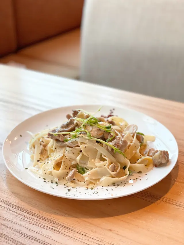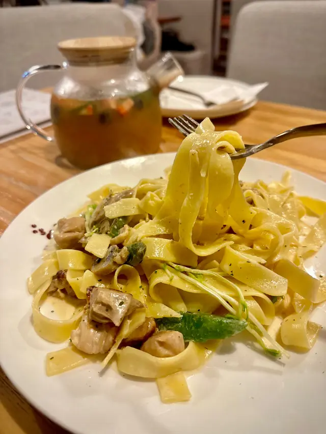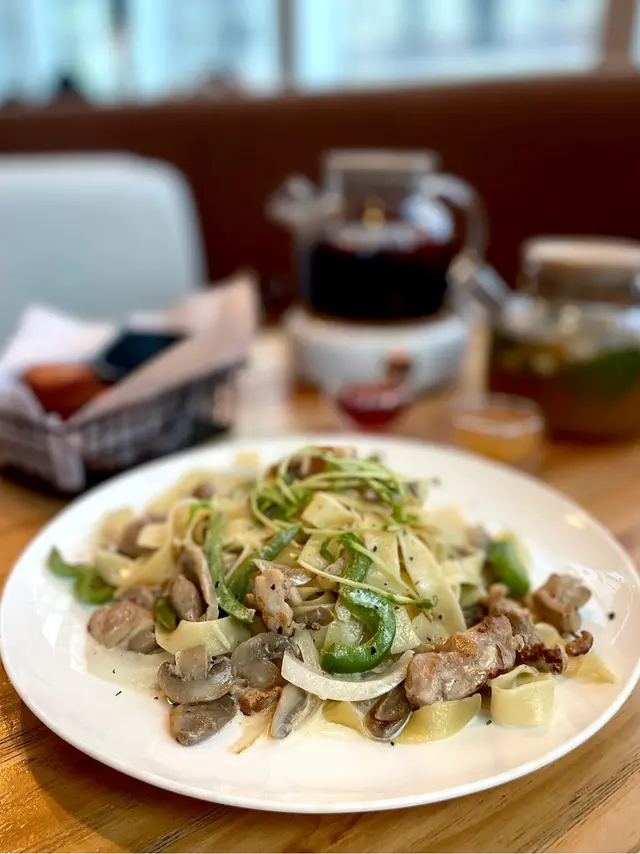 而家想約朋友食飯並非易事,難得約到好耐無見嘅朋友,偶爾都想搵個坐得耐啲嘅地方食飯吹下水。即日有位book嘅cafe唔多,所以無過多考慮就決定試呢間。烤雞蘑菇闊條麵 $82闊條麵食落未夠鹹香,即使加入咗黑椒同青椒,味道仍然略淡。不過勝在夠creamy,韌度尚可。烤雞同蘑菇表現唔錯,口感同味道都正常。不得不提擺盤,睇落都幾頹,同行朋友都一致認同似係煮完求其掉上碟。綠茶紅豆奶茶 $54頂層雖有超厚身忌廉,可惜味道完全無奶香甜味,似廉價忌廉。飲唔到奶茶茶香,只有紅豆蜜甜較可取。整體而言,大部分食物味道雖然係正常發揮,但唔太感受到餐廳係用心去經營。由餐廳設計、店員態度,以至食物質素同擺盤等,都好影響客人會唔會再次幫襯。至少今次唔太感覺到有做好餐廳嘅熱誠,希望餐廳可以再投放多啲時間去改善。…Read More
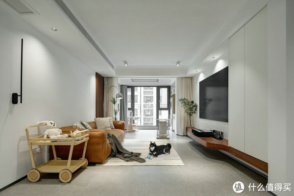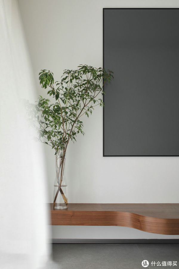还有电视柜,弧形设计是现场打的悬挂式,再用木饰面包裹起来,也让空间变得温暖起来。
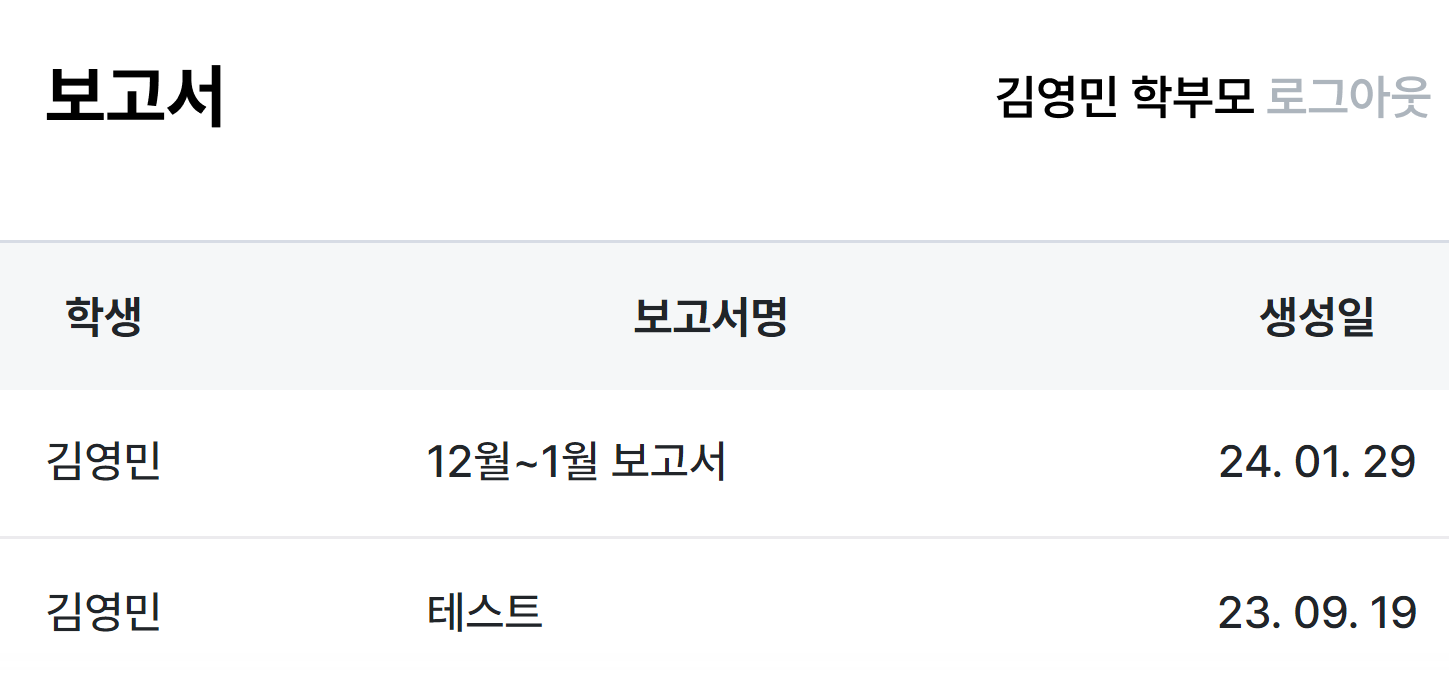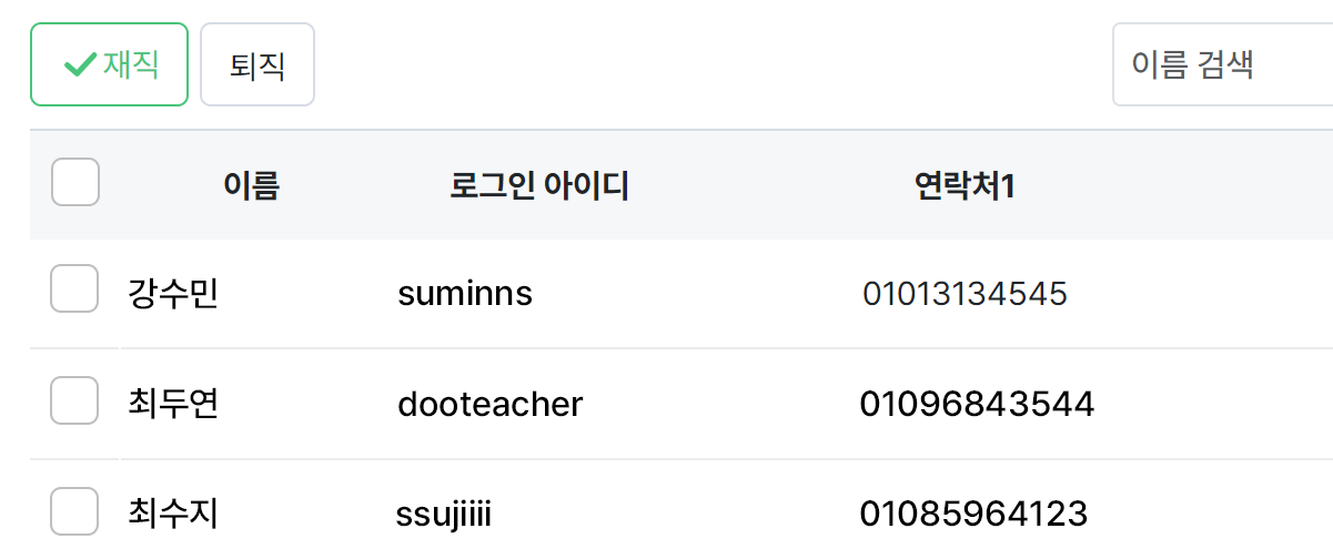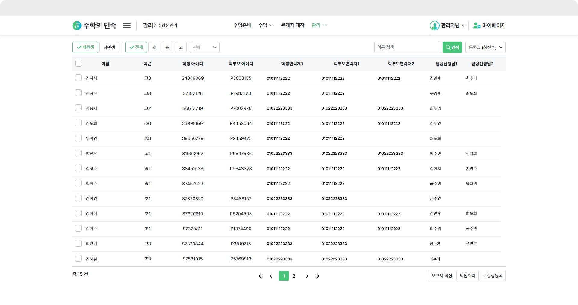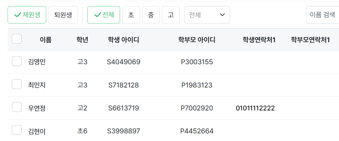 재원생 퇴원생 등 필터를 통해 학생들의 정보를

☆ ☆ ☆

▸ **Prompt**: A verbatim transcript of the material above, with images dropped, is the expected output.

▸ **Your response**:
 而家想約朋友食飯並非易事,難得約到好耐無見嘅朋友,偶爾都想搵個坐得耐啲嘅地方食飯吹下水。即日有位book嘅cafe唔多,所以無過多考慮就決定試呢間。烤雞蘑菇闊條麵 $82闊條麵食落未夠鹹香,即使加入咗黑椒同青椒,味道仍然略淡。不過勝在夠creamy,韌度尚可。烤雞同蘑菇表現唔錯,口感同味道都正常。不得不提擺盤,睇落都幾頹,同行朋友都一致認同似係煮完求其掉上碟。綠茶紅豆奶茶 $54頂層雖有超厚身忌廉,可惜味道完全無奶香甜味,似廉價忌廉。飲唔到奶茶茶香,只有紅豆蜜甜較可取。整體而言,大部分食物味道雖然係正常發揮,但唔太感受到餐廳係用心去經營。由餐廳設計、店員態度,以至食物質素同擺盤等,都好影響客人會唔會再次幫襯。至少今次唔太感覺到有做好餐廳嘅熱誠,希望餐廳可以再投放多啲時間去改善。…Read More
还有电视柜,弧形设计是现场打的悬挂式,再用木饰面包裹起来,也让空间变得温暖起来。
 재원생 퇴원생 등 필터를 통해 학생들의 정보를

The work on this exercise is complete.